Items from a dataset
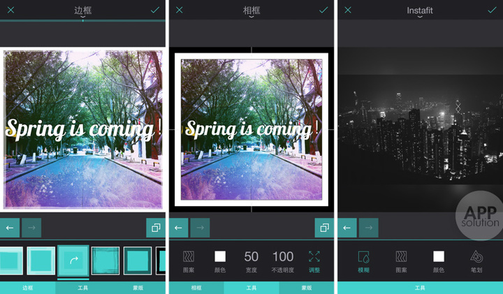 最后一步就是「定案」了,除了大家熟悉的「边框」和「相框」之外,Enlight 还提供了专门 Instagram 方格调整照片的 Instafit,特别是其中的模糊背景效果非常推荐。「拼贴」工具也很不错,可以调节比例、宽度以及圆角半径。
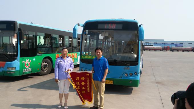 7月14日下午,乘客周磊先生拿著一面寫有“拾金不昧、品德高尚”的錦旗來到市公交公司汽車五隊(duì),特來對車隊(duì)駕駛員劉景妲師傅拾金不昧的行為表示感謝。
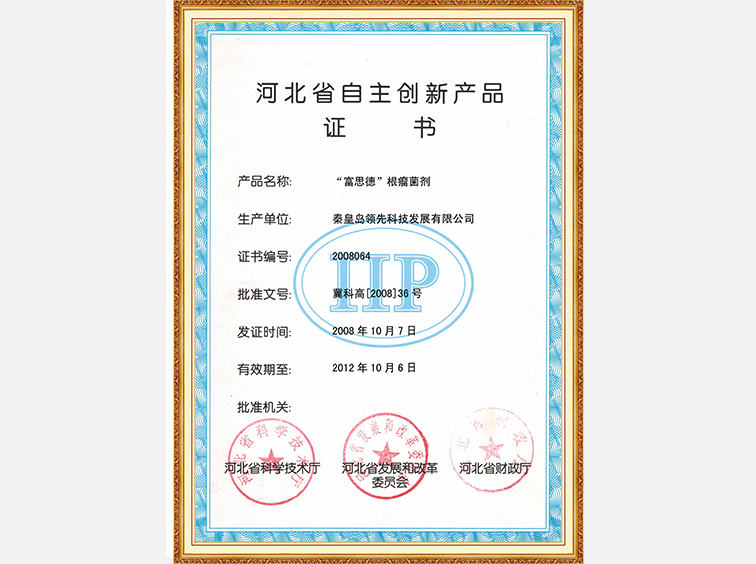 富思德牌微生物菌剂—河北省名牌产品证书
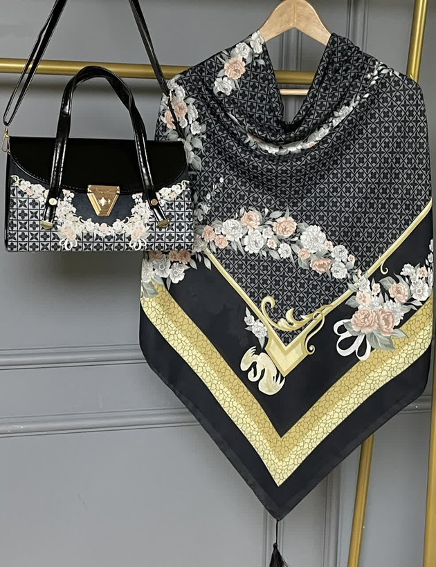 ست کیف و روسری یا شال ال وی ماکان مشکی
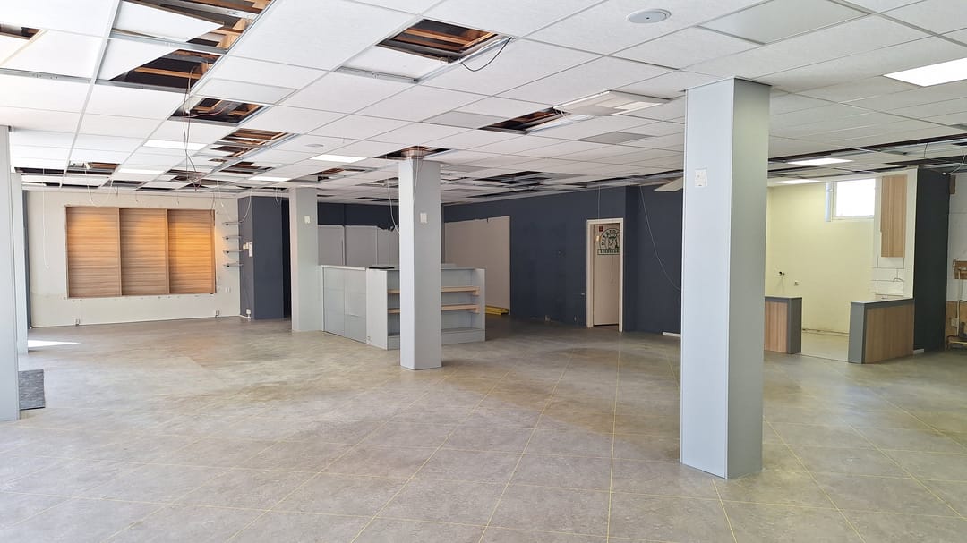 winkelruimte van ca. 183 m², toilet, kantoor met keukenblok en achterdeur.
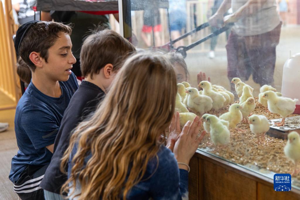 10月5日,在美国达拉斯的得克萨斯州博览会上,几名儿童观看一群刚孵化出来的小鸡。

▶ _DESCRIPTION OF THE TASK_: The answer must be an exact transcription of the lines from the one containing "富思德牌微生物菌剂—河北省名牌产品证书" through the last line of the records above, both included, with no pictures.

▶ _ANSWER TO THIS EXERCISE_:
 富思德牌微生物菌剂—河北省名牌产品证书
 ست کیف و روسری یا شال ال وی ماکان مشکی
 winkelruimte van ca. 183 m², toilet, kantoor met keukenblok en achterdeur.
 10月5日,在美国达拉斯的得克萨斯州博览会上,几名儿童观看一群刚孵化出来的小鸡。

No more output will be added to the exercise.